Date Published: June 10, 2008
Publisher: Public Library of Science
Author(s): Vitor M Faca, Kenneth S Song, Hong Wang, Qing Zhang, Alexei L Krasnoselsky, Lisa F Newcomb, Ruben R Plentz, Sushma Gurumurthy, Mark S Redston, Sharon J Pitteri, Sandra R Pereira-Faca, Renee C Ireton, Hiroyuki Katayama, Veronika Glukhova, Douglas Phanstiel, Dean E Brenner, Michelle A Anderson, David Misek, Nathalie Scholler, Nicole D Urban, Matt J Barnett, Cim Edelstein, Gary E Goodman, Mark D Thornquist, Martin W McIntosh, Ronald A DePinho, Nabeel Bardeesy, Samir M Hanash, Steven Narod
Abstract: BackgroundThe complexity and heterogeneity of the human plasma proteome have presented significant challenges in the identification of protein changes associated with tumor development. Refined genetically engineered mouse (GEM) models of human cancer have been shown to faithfully recapitulate the molecular, biological, and clinical features of human disease. Here, we sought to exploit the merits of a well-characterized GEM model of pancreatic cancer to determine whether proteomics technologies allow identification of protein changes associated with tumor development and whether such changes are relevant to human pancreatic cancer.Methods and FindingsPlasma was sampled from mice at early and advanced stages of tumor development and from matched controls. Using a proteomic approach based on extensive protein fractionation, we confidently identified 1,442 proteins that were distributed across seven orders of magnitude of abundance in plasma. Analysis of proteins chosen on the basis of increased levels in plasma from tumor-bearing mice and corroborating protein or RNA expression in tissue documented concordance in the blood from 30 newly diagnosed patients with pancreatic cancer relative to 30 control specimens. A panel of five proteins selected on the basis of their increased level at an early stage of tumor development in the mouse was tested in a blinded study in 26 humans from the CARET (Carotene and Retinol Efficacy Trial) cohort. The panel discriminated pancreatic cancer cases from matched controls in blood specimens obtained between 7 and 13 mo prior to the development of symptoms and clinical diagnosis of pancreatic cancer.ConclusionsOur findings indicate that GEM models of cancer, in combination with in-depth proteomic analysis, provide a useful strategy to identify candidate markers applicable to human cancer with potential utility for early detection.
Partial Text: A major goal of the cancer biomarker field is the development of noninvasive tests that allow early cancer detection.
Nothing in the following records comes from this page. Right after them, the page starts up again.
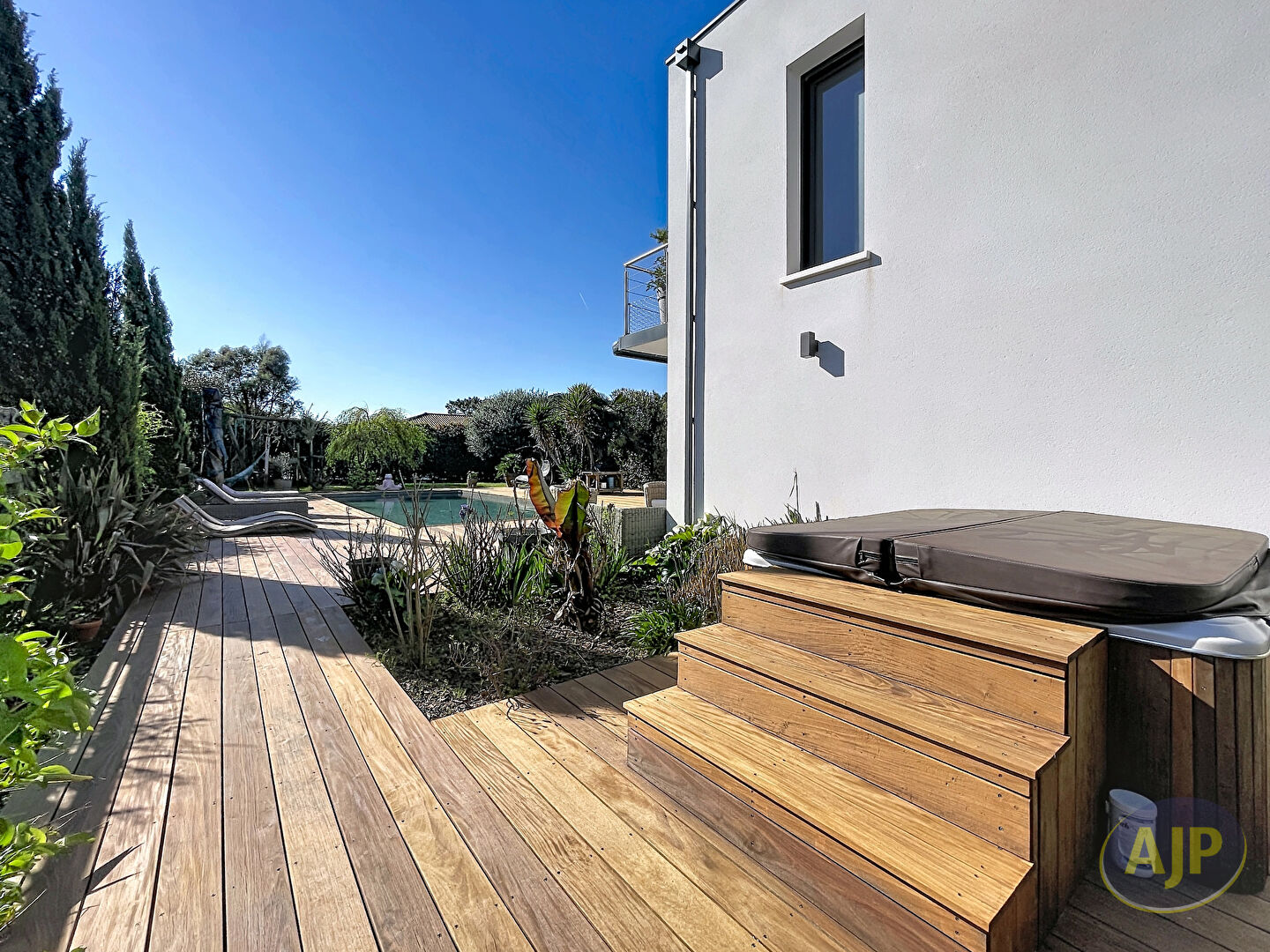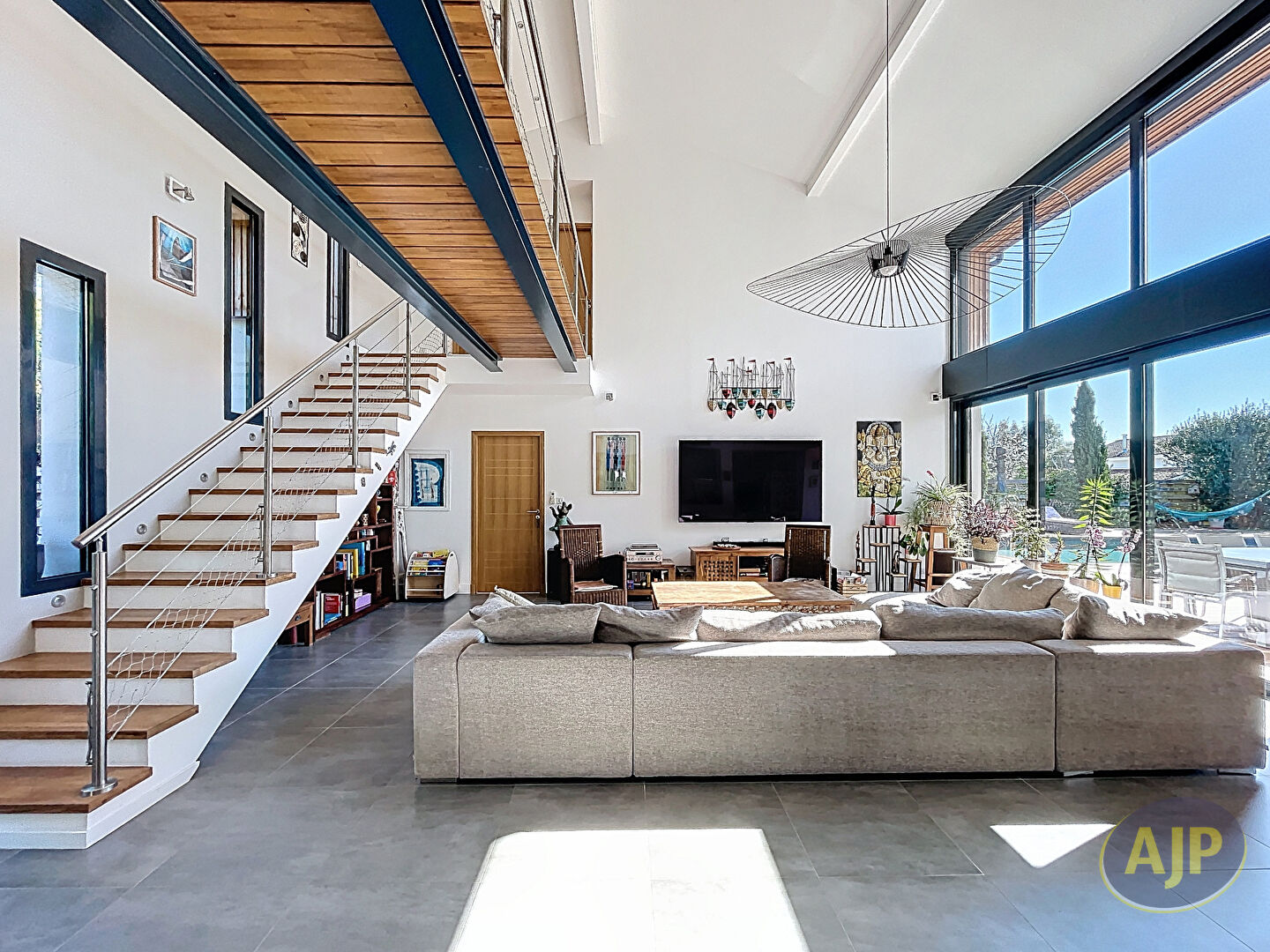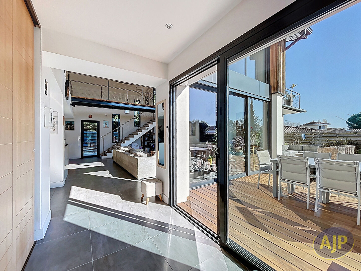 A La Teste-de-Buch, dans un environnement résidentiel particulièrement calme et préservé, cette villa contemporaine d'architecte de 2015 développe environ 220 m² habitables sur un terrain paysagé de 945 m², sans vis-à-vis. Dès l'entrée, la maison affirme une signature architecturale forte, fondée sur la générosité des volumes, la lumière omniprésente et une relation permanente avec les extérieurs.La pièce de vie, spectaculaire par sa double hauteur et ses larges ouvertures vitrées, offre un cadre de réception élégant et fluide, prolongé par de vastes terrasses en bois exotique autour d'une piscine chauffée de 5 x 12 m. La cuisine ouverte, parfaitement intégrée, conjugue lignes épurées, équipements encastrés, plan de travail en Krion et cellier attenant pour un confort d'usage au quotidien.La villa propose une organisation familiale aussi aboutie que raffinée. La suite parentale de plain-pied, avec dressing et salle de bains complète, profite d'une ouverture directe sur la terrasse et la piscine. A l'étage, trois chambres disposant chacune de leur salle d'eau privative s'articulent autour d'une passerelle au design affirmé et d'une vaste mezzanine de plus de 26 m², idéale pour un bureau, un salon TV ou un espace de détente.A l'extérieur, le jardin paysagé prolonge naturellement l'art de vivre du Bassin avec plusieurs espaces dédiés à la détente et à la convivialité : jacuzzi, terrain de pétanque, cabane pour enfants et larges surfaces engazonnées. Un double garage d'environ 44 m², des stationnements complémentaires, une pompe à chaleur, le chauffage au sol au rez-de-chaussée, la climatisation réversible, les menuiseries aluminium et l'aspiration centralisée viennent parfaire l'ensemble.Une propriété contemporaine de très belle facture, pensée pour offrir un quotidien aussi confortable qu'élégant, à quelques minutes des attraits du Bassin d'Arcachon. (5.20 % honoraires TTC à la charge de l'acquéreur.)
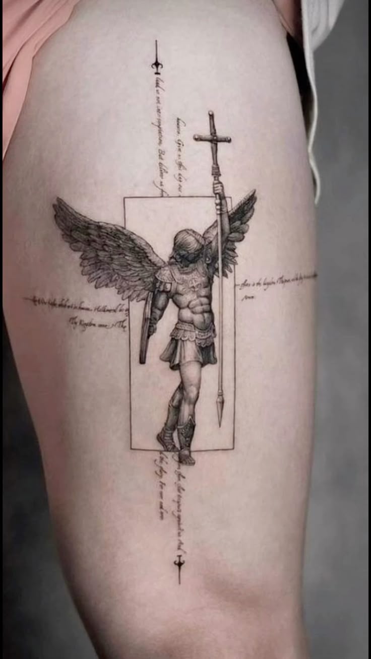 This tattoo blends illustration with handwritten-style text, giving it a deeply personal feel. The archangel stands strong within a frame, while the script adds a sense of prayer or intention. It feels like a page from a private journal turned into art.
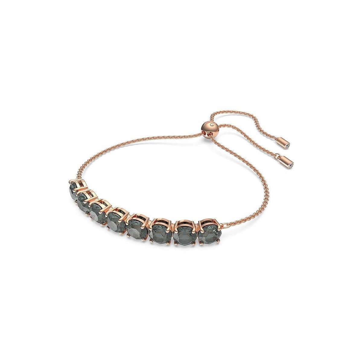 Damenarmband von Swaroski aus der Exalta-Kollektion. Hergestellt aus einer rosévergoldeten Kette mit einer Reihe schwarzer Kristalle und einem verstellbaren Schiebeverschluss.
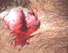 内痔:是以肛门齿线以上发生静脉曲张团块,表面覆以粘膜,常有便血(大便带血、滴血、喷血),痔核脱出,便秘等为主要表现的痔病类疾病。本病若早期治疗,一般预后良好。注:不治?会造成痔核变大,如鸡蛋或更大,色灰白,大便时或行走时脱出肛外,不能自行还纳,痔核脱出后如不尽快还纳,则易嵌顿而绞窄肿胀、糜烂坏死。

Blood constituents, notably plasma proteins, reflect diverse physiologic or pathologic states. The ease with which this compartment can be sampled makes it a logical choice for screening applications to detect cancer at an early stage. However, the vast dynamic range of protein abundance in plasma and the likely occurrence of tumor-derived proteins in the lower range of protein abundance represent major challenges in the application of proteomic-based strategies for cancer biomarker identification [1,2]. Recent experience in comprehensive profiling of plasma proteins indicates that low-abundance proteins may be identified with high confidence following extensive plasma fractionation and with the use of high-resolution mass spectrometry [3,4].
Our findings here indicate that plasma proteomic analysis of GEM models of cancer provide a useful strategy to identify candidate markers applicable to human cancer with potential utility for early detection. This is very relevant, since there is a compelling need to develop blood-based markers that allow early cancer detection, classify tumors to direct therapy, and monitor disease progression, regression, or recurrence. Early detection is particularly relevant to pancreatic adenocarcinoma, which is the fourth leading cause of cancer death in the United States and with a 5-y survival rate of only 3%. Because of limitations in diagnostic methods and a lack of specific symptoms at an early stage, the disease is often diagnosed at late stages. In contrast, early stage disease is associated with prolonged survival following surgical resection of the tumor . Therefore, improvement in means to detect pancreatic cancer early would be expected to impact outcome.